Linux perf tools (some time ago named perf_events) has several builtin universal software events. Two most basic of them are: task-clock and cpu_clock (internally called PERF_COUNT_SW_CPU_CLOCK and PERF_COUNT_SW_TASK_CLOCK). But what is wrong with them is lack of description.

ysdx user reports that man perf_event_open has short description:

    PERF_COUNT_SW_CPU_CLOCK
          This reports the CPU clock, a high-resolution per-
          CPU timer.

    PERF_COUNT_SW_TASK_CLOCK
          This reports a clock count specific to the task
          that is running.

But the description is hard to understand.

Can somebody give authoritative answer about how and when the task-clock and cpu-clock events are accounted? How does they relate to the linux kernel scheduler?

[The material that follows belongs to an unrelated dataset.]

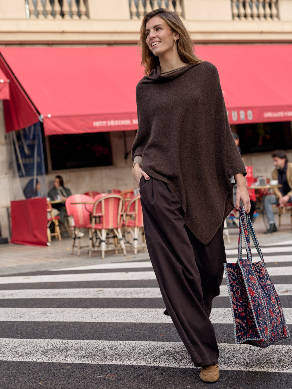 Ava Bicolor Cashmere Poncho, Wood and Brown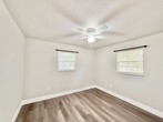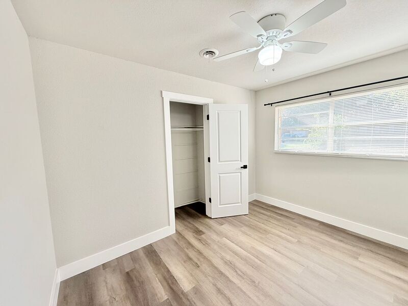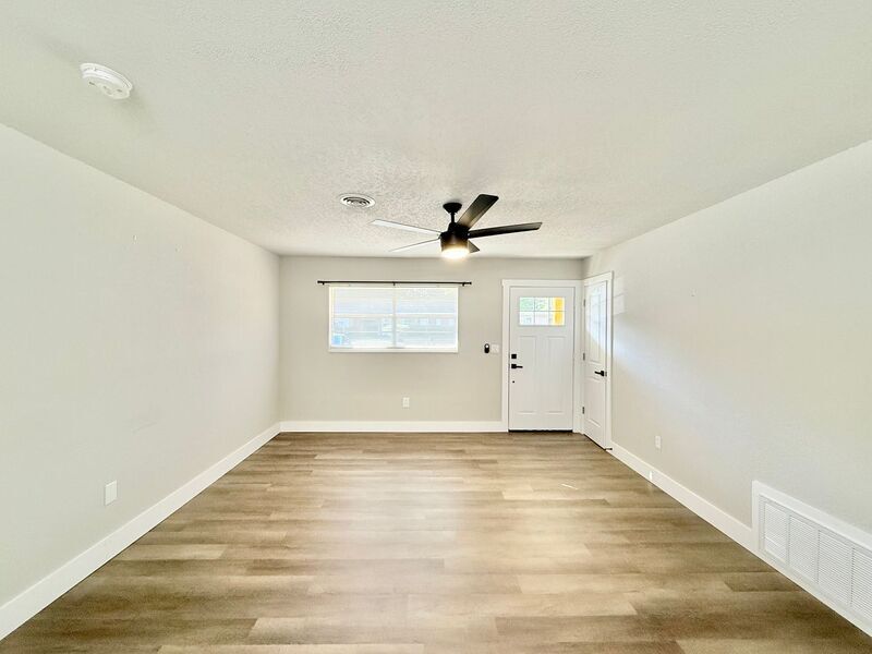 View In 3D: This 3-bedroom, 2-bath home offers 1,100 square feet of comfortable living space with luxury vinyl plank flooring throughout. The kitchen features ample white cabinetry, butcher block countertops, a deep-basin sink, an eat-in nook, and stainless steel appliances, including a refrigerator, flat-top range/oven, microwave, and dishwasher. All three bedrooms are equipped with ceiling fans for added comfort. The half bath includes a single vanity and convenient linen storage shelves, while the full bath offers a single vanity and a tub/shower combo. Additional highlights include a 1-car garage, a concrete back patio, and a fully fenced backyard.

When task-clock and cpu-clock will give different values? Which one should I use?

Community
  • 1
  • 1
osgx
  • 90,338
  • 53
  • 357
  • 513
  • 4
    Frederic Weisbecker [supposed](https://lkml.org/lkml/2010/11/3/373) in LKML in 2010 that: "*cpu-clock is based on the total time spent on the cpu. task-clock is based only on the time spent on the profiled task, so that doesn't count time spent on other tasks, it has a per thread granularity*", and noted that he "*might be somehow wrong in .. explanation*". And Peter Zijlstra [says](https://lkml.org/lkml/2010/11/30/476) that "*it actually makes sense to count both cpu and task clock on a task (cpu clock basically being wall-time).*" – osgx May 31 '14 at 00:59
  • 5
    Source file for both events: `kernel/events/core.c`, ["*Software event: cpu wall time clock*" (line 6092, `cpu_clock_event_*`)](http://lxr.free-electrons.com/source/kernel/events/core.c?v=3.13#L6092) for cpu-clock (`pmu perf_cpu_clock`), and ["*Software event: task time clock*" (line 6168, `task_clock_event_*`)](http://lxr.free-electrons.com/source/kernel/events/core.c?v=3.13#L6168) for task-clock (`pmu perf_task_clock`). Both are based on hrtimers, but update function is different: `cpu_clock_event_update` uses `local_clock` and `task_clock_event_update` uses `event->ctx->time`.... – osgx May 31 '14 at 01:51
  • 4
    [Robert Haas, "perf: the good, the bad, the ugly", 2012](http://rhaas.blogspot.com/2012/06/perf-good-bad-ugly.html):"*But perf also includes software events like cpu-clock and task-clock that have no meaning apart from the Linux kernel, and there's no documentation about what those mean. I get approximately equivalent results from profiling with the default event, cycles, with task-clock, and with cpu-clock,... no explanation anywhere what the difference is. For perf to be broadly useful,.. it needs documentation explaining what all of these events are, and how to make effective use of them.*" – osgx May 31 '14 at 01:54
  • For me the description look likes the cpu clock is maybe the amount of jiffies from OS start time. And the task clock is maybe the jiffies since task start. Please check man page proc(5) and search for starttime in it. Maybe https://stackoverflow.com/a/44524937/1950345 can give you more information. – reichhart Jun 24 '17 at 02:16
  • @reichhart, perf uses difference between values, not the absolute values. Did you even used perf record or perf stat? Your comment is probably not related to the question: in perf code cpu clock is `local_clock()` and task clock is `perf_clock()` and some hrtimer. – osgx Jun 24 '17 at 13:10
  • OK, then it is not "start time" but a different point in time. Actually everything is relative. ;-) And within this period of time cpu-clock is total cpu time and task-clock only of the task. Actually it was your first comment that made me think of this. :-) – reichhart Jun 24 '17 at 17:03
  • @reichhart, when we perf-record (or perf-stat) some task, all perf counters are counted only when task is running on CPU. So it may be reasonable to expect that task-clock and cpu-clock will tick for the (almost) same time in process profiling. Probably there is some difference in perf-record (or perf-stat) in system-wide mode (-a option), but at any time there is some task on the CPU (PID 0 when it is idle, something strange when CPU core/chip is offline). – osgx Jun 25 '17 at 00:13
  • did you ever get to the bottom of this? – jberryman Feb 06 '19 at 03:48

3 Answers3

11

1) By default, perf stat shows task-clock, and does not show cpu-clock. Therefore we can tell task-clock was expected to be much more useful.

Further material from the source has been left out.